Mapping Large Memory-constrained Workflows onto Heterogeneous Platforms

TL;DR

This paper introduces a four-step heuristic for efficiently mapping large, memory-constrained workflows represented as DAGs onto heterogeneous platforms, significantly reducing execution time compared to baseline methods.

Contribution

It presents a novel four-step heuristic that partitions, adapts, and optimizes workflow mapping on heterogeneous platforms considering memory constraints.

Findings

Heuristic reduces makespan by 2.44 times on average.

Effective handling of large workflows with up to 30,000 tasks.

Significant improvements over baseline methods ignoring heterogeneity.

Abstract

Scientific workflows are often represented as directed acyclic graphs (DAGs), where vertices correspond to tasks and edges represent the dependencies between them.

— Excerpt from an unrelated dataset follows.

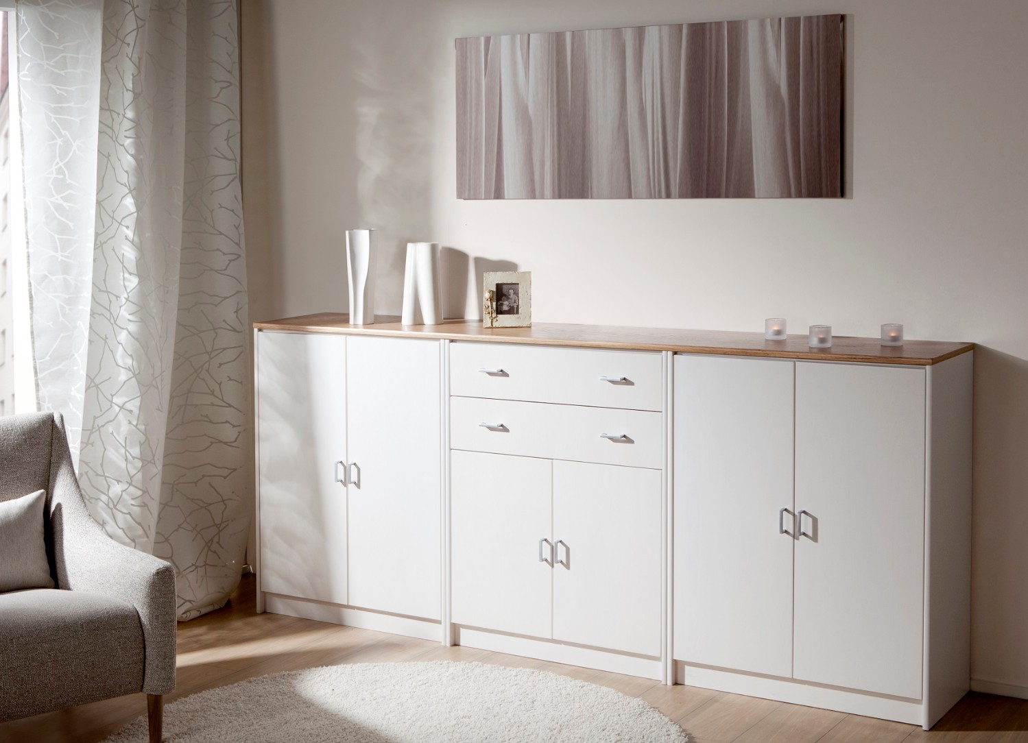 Senkissä on 3 kaappia josta reunalla 2 leveää kaappia ja keskellä kapea kaappi umpiovilla ja päällä 2 laatikkoa ja reunoilla olevat kaapit ovat saatavana puuhyllyllyillä ja umpiovilla. Kokonaisuus on suunniteltu helposti räätälöitäväksi; voit valita senkin yhdellä värillä tai yhdistellä rungon, kannen ja oven eri sävyissä sekä halutessasi vaihtaa oven mallin sisustusta korostavaksi vaihtoehdoksi. Näin kaluste mukautuu elämäntilanteen ja tarpeiden muuttuessa.

Since these graphs are often large in both the number of tasks and their resource requirements, it is important to schedule them efficiently on parallel or distributed compute systems. Typically, each task requires a certain amount of memory to be executed and needs to communicate data to its successor tasks. The goal is thus to execute the workflow as fast as possible (i.e., to minimize its makespan) while satisfying the memory constraints. Hence, we investigate the partitioning and mapping of DAG-shaped workflows onto heterogeneous platforms where each processor can have a different speed and a different memory size. We first propose a baseline algorithm in the absence of existing memory-aware solutions. As our main contribution, we then present a four-step heuristic. Its first step is to partition the input DAG into smaller blocks with an existing DAG partitioner. The next two steps adapt the resulting blocks of the DAG to fit the processor memories and optimize for the overall makespan by further splitting and merging these blocks. Finally, we use local search via block swaps to further improve the makespan. Our experimental evaluation on real-world and simulated workflows with up to 30,000 tasks shows that exploiting the heterogeneity with the four-step heuristic reduces the makespan by a factor of 2.44 on average (even more on large workflows), compared to the baseline that ignores heterogeneity.